This effect is more pronounced in the case of DSS workloads.
Therefore, even though the gain in terms of storage saving is
clear, the overall performance of a workload in a database using
row compression has to be analyzed carefully.
[0005] As with most of the major database manager software
packages, DB2.RTM. software has a value compression mechanism.
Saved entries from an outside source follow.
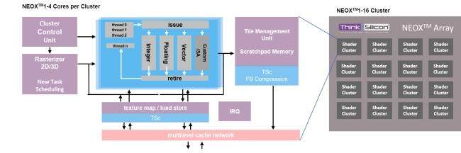 NEOX是一个基于RISC-V RV64C ISA指令集的并行多核和多线程GPU架构,带有自适应NoC。核的数量从4到64不等,组织在1-16个集群元素中,每个集群都配置了缓存大小和线程数。根据集群/内核的配置,NEOX的计算能力在800MHz下从12.8到409.6 GFLOPS不等,支持FP16、FP32和可选的FP64和SIMD指令。
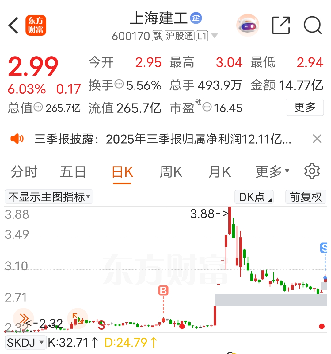 $上海建工(SH600170)$ 3.8没有跑,有点惋惜,3块跑了
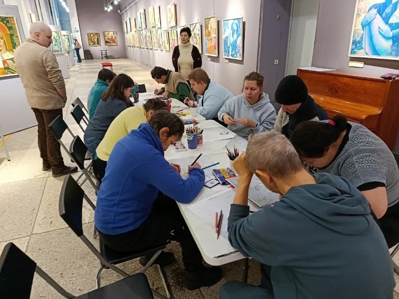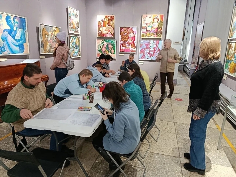 После просмотра картин, Илья Владимирович Кучерявый – научный сотрудник, реставратор, художник, провёл мастер-класс с нашими ребятами. Ксерокопии картин С. И. Лебедева были предложены для раскрашивания.
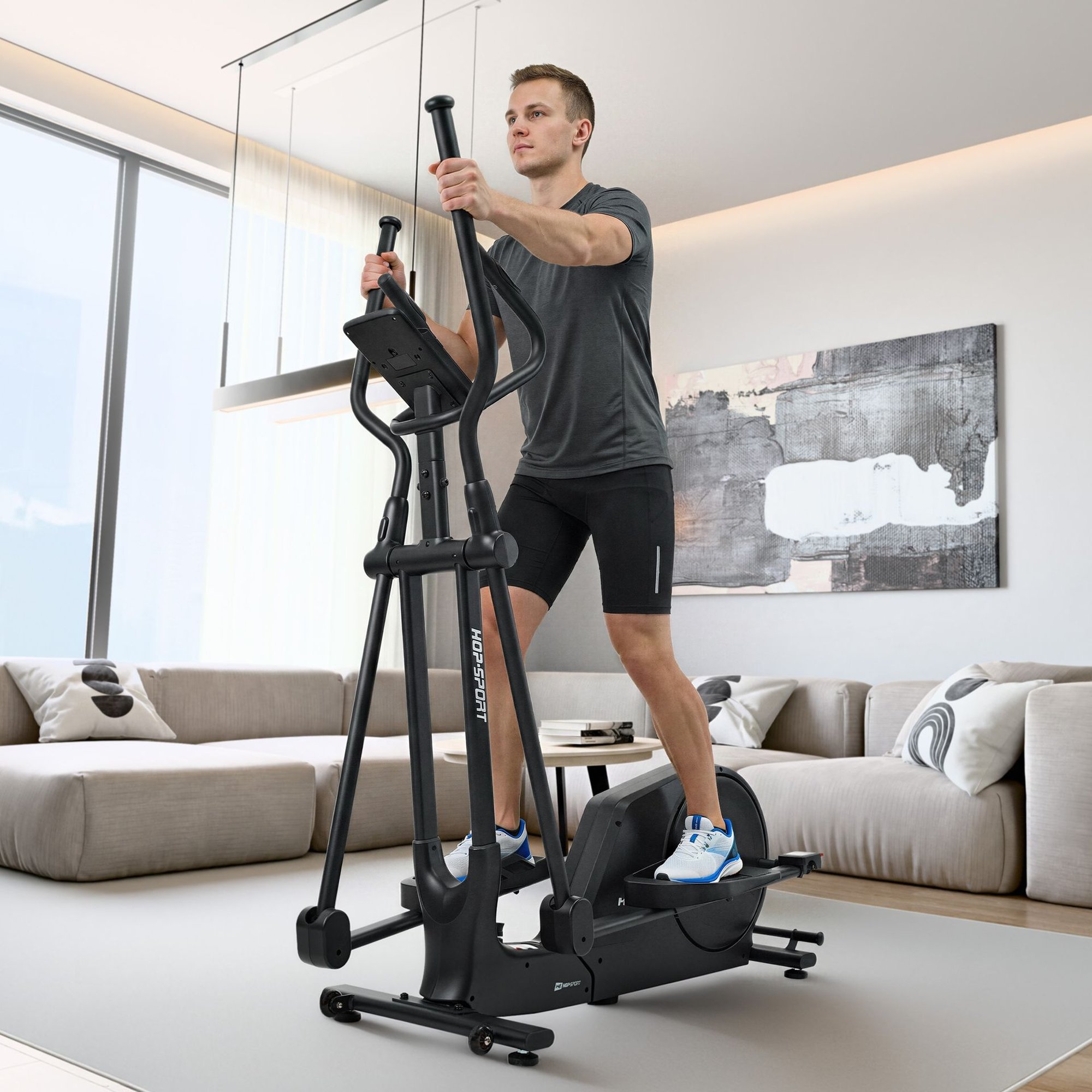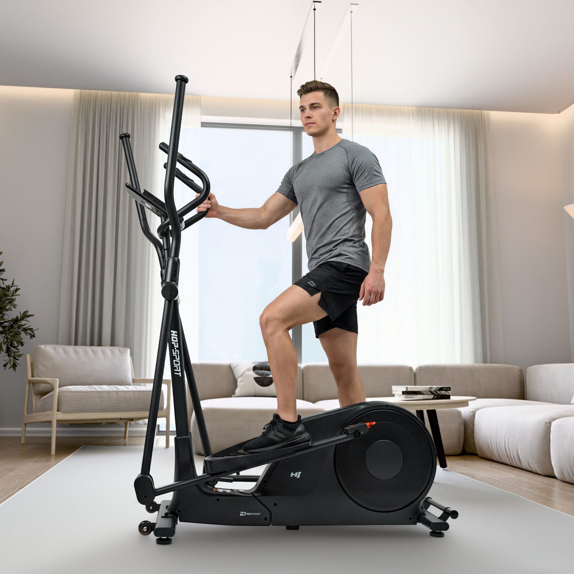 Der HS 5100C Floud ist ein Heimtrainer, den Sie nach dem Training vertikal abstellen können, ideal um Platz zu sparen. Das Klappsystem funktioniert ähnlich wie bei modernen Laufbändern. Mit einem leichten Druck Ihres Fußes klappt das Gerät automatisch in die vertikale Position. Hinten befindet sich ein robuster Transportgriff, der das sichere Zusammenklappen erleichtert. Dies ist eine praktische Lösung für alle, die nicht möchten, dass der Crosstrainer den halben Raum einnimmt.
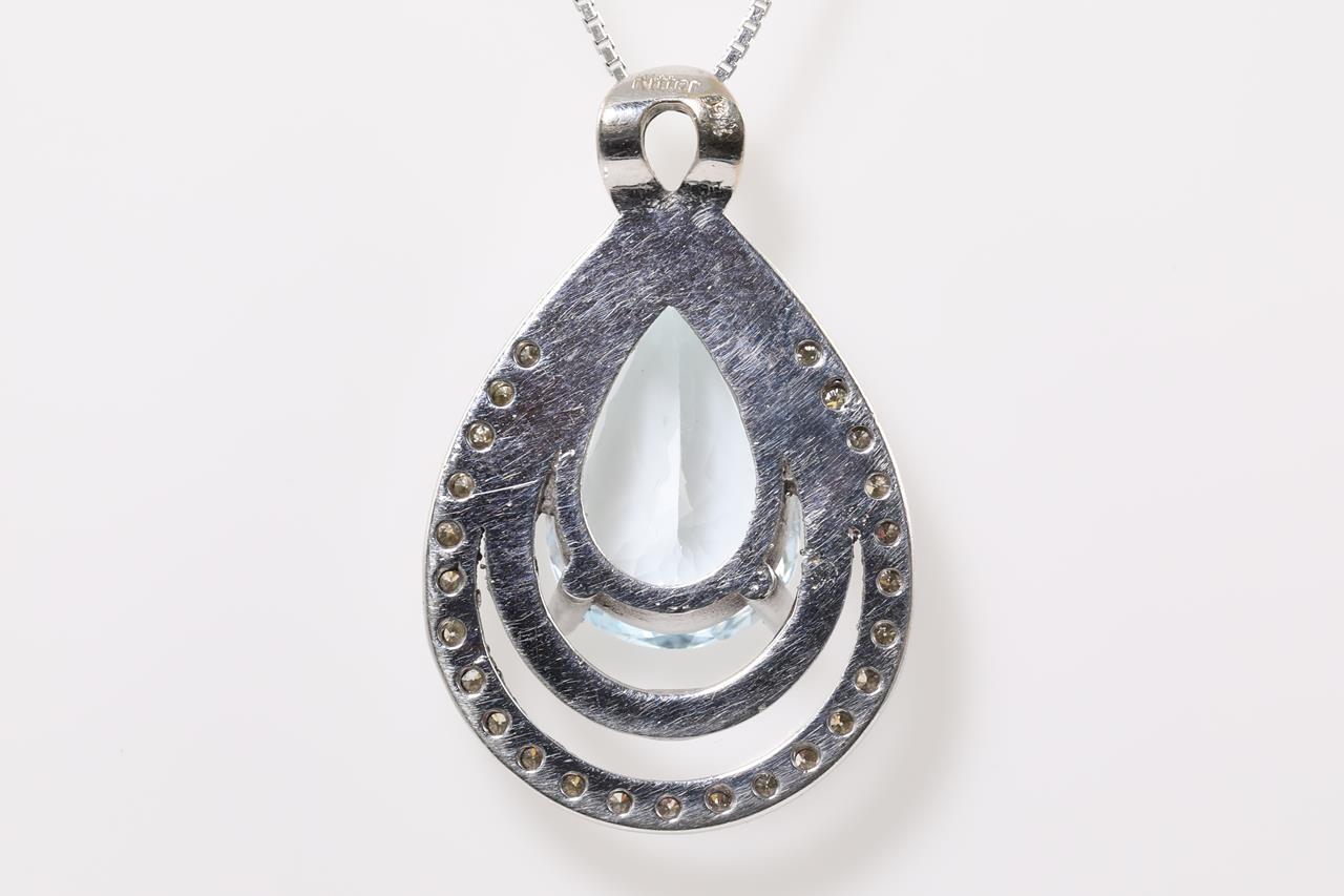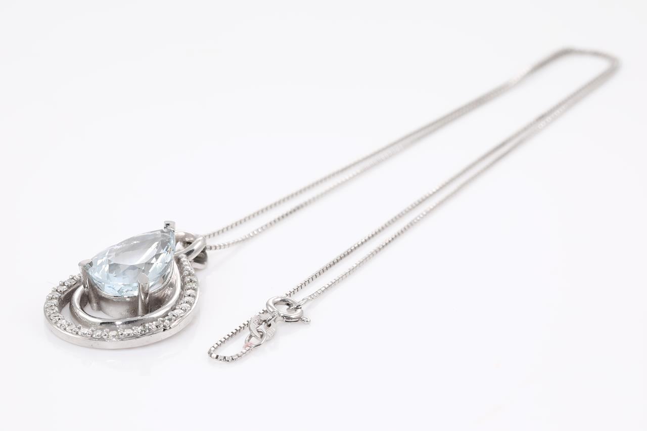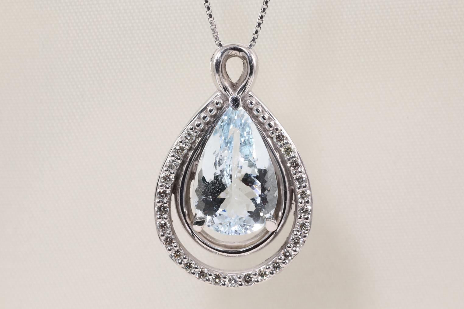 Aquamarine and Diamond Pendant with 7.52ct pear shape Aquamarine and 25 round Diamonds totalling approximately 0.50cts (Estimated grading: J-K SI). 14ct white gold. With display chain (base metal). Pendant Weight: 11.4g. (As New)
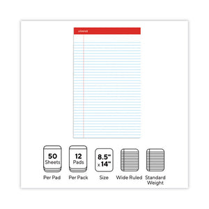 Perforated Ruled Writing Pads, Wide/legal Rule, Red Headband, 50 White 8.5 X 14 Sheets, Dozen
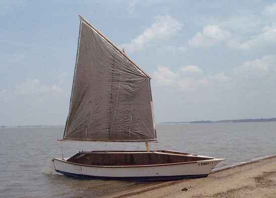 Now let's say you also had an old very modified Bolger Jinni which in its final days had this lug rig which was back in your polytarp sail testing days, this one being the largest you could get out of a 12' x 16' tarp.

Value compression provides an alternate method of representing the
internal storage format of a data row. The disk storage savings
depends on the table column definition. In this situation, NULLs
and zero-length data that have been assigned to defined
variable-length data types (VARCHAR, VARGRAPHICS, LONG VARCHAR,
LONG VARGRAPHIC, BLOB, CLOB, and DBCLOB) will not be stored on
disk. Row compression is different from value compression. Row
compression does not depend on the table column definition. It
replaces common byte patterns in a data row with shorter symbol
strings. The storage savings are greater than the savings provided
with value compression. DB2.RTM. universal data base (UDB) software
implements row compression.
SUMMARY OF THE INVENTION
[0006] Principles of the present invention provide techniques for
an automated design of row compression on tables in a relational
database. In one aspect, an exemplary method (which can be computer
implemented) for such compression includes the steps of obtaining a
workload specification for the database; based on the workload
specification, identifying and ranking candidate ones of the
tables; evaluating compression impact for the candidate ones of the
tables; and developing a design for the database, specifying at
least one of: (i) which of the tables should be compressed, and
(ii) which of the tables should not be compressed.
[0007] One or more embodiments of the invention or elements thereof
can be implemented in the form of a computer product including a
computer usable medium with computer usable program code for
performing the method steps indicated. Furthermore, one or more
embodiments of the invention or elements thereof can be implemented
in the form of a system/apparatus including a memory and at least
one processor that is coupled to the memory and operative to
perform exemplary method steps. Yet further, in another aspect, one
or more embodiments of the invention or elements thereof can be
implemented in the form of means for earning out one or more of the
method steps described herein; the means can include hardware
module(s), software module(s), or a combination of hardware and
software modules.
[0008] These and other features, aspects and advantages of the
present invention will become apparent from the following detailed
description of illustrative embodiments thereof, which is to be
read in connection with the accompanying drawings.
BRIEF DESCRIPTION OF THE DRAWINGS
[0009] FIG. 1 shows exemplary rows in a database, as known in the
prior art;
[0010] FIG. 2 presents a comparison of compressed and uncompressed
data storage, as known from the prior art;
[0011] FIG. 3 shows an exemplary block and data flow diagram,
according to an aspect of the invention; and
[0012] FIG. 4 depicts a computer system that may be useful in
implementing one or more aspects and/or elements of the present
invention.
DETAILED DESCRIPTION OF PREFERRED EMBODIMENTS
[0013] One or mote embodiments of the invention provide a method
and system/apparatus that helps the data base administrator (DBA)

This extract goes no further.